Supplied information:
☆ ☆ ☆ ☆ ☆

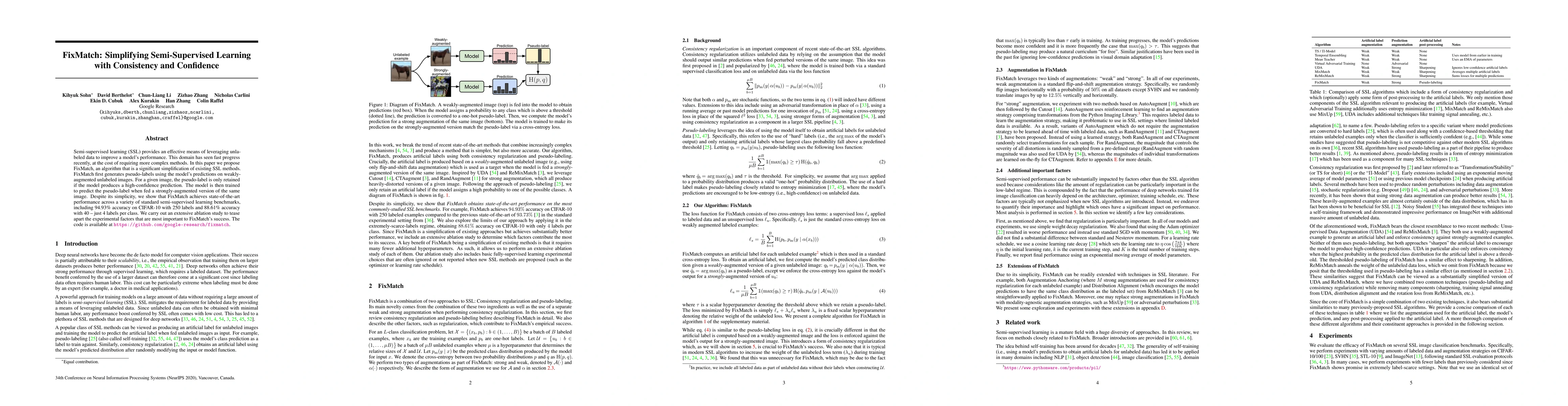 Semi-supervised learning (SSL) provides an effective means of leveraging unlabeled data to improve a model's performance. In this paper, we demonstrate the power of a simple combination of two common SSL methods: consistency regularization and pseudo-labeling. Our algorithm, FixMatch, first generates pseudo-labels using the model's predictions on weakly-augmented unlabeled images. For a given image, the pseudo-label is only retained if the model produces a high-confidence prediction. The model is then trained to predict the pseudo-label when fed a strongly-augmented version of the same image. Despite its simplicity, we show that FixMatch achieves state-of-the-art performance across a variety of standard semi-supervised learning benchmarks, including 94.93% accuracy on CIFAR-10 with 250 labels and 88.61% accuracy with 40 -- just 4 labels per class. Since FixMatch bears many similarities to existing SSL methods that achieve worse performance, we carry out an extensive ablation study to tease apart the experimental factors that are most important to FixMatch's success. We make our code available at https://github.com/google-research/fixmatch.
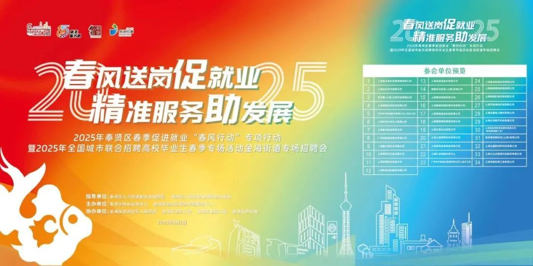 为全力促进求职者高质量就业,满足企业用工需求,金海街道将于3月1日举办2025年奉贤区春季促进就业“春风行动”专项行动暨2025年全国城市联合招聘高校毕业生春季专场活动金海街道专场招聘会。
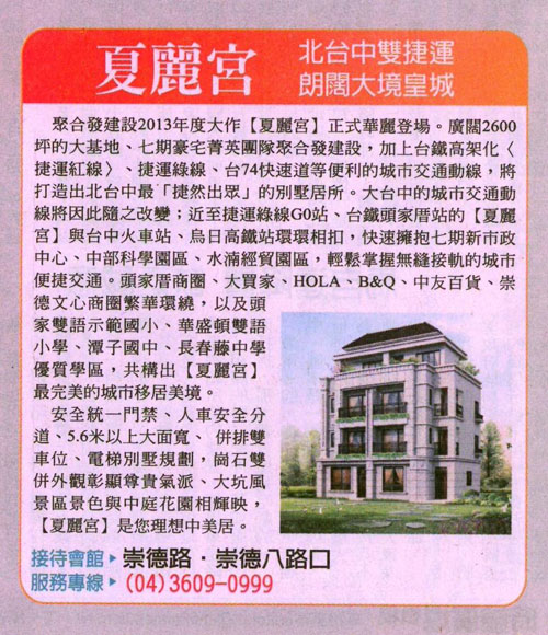 [中國時報] 北台中雙捷運 朗闊大境皇城 ...

☆ ☆ ☆ ☆ ☆

About this task:
Skip every picture and retype only the lines from the line with "为全力促进求职者高质量就业,满足企业用工" through the last line of the listing, both ends included, exactly as they appear.

Finished task:
 为全力促进求职者高质量就业,满足企业用工需求,金海街道将于3月1日举办2025年奉贤区春季促进就业“春风行动”专项行动暨2025年全国城市联合招聘高校毕业生春季专场活动金海街道专场招聘会。
 [中國時報] 北台中雙捷運 朗闊大境皇城 ...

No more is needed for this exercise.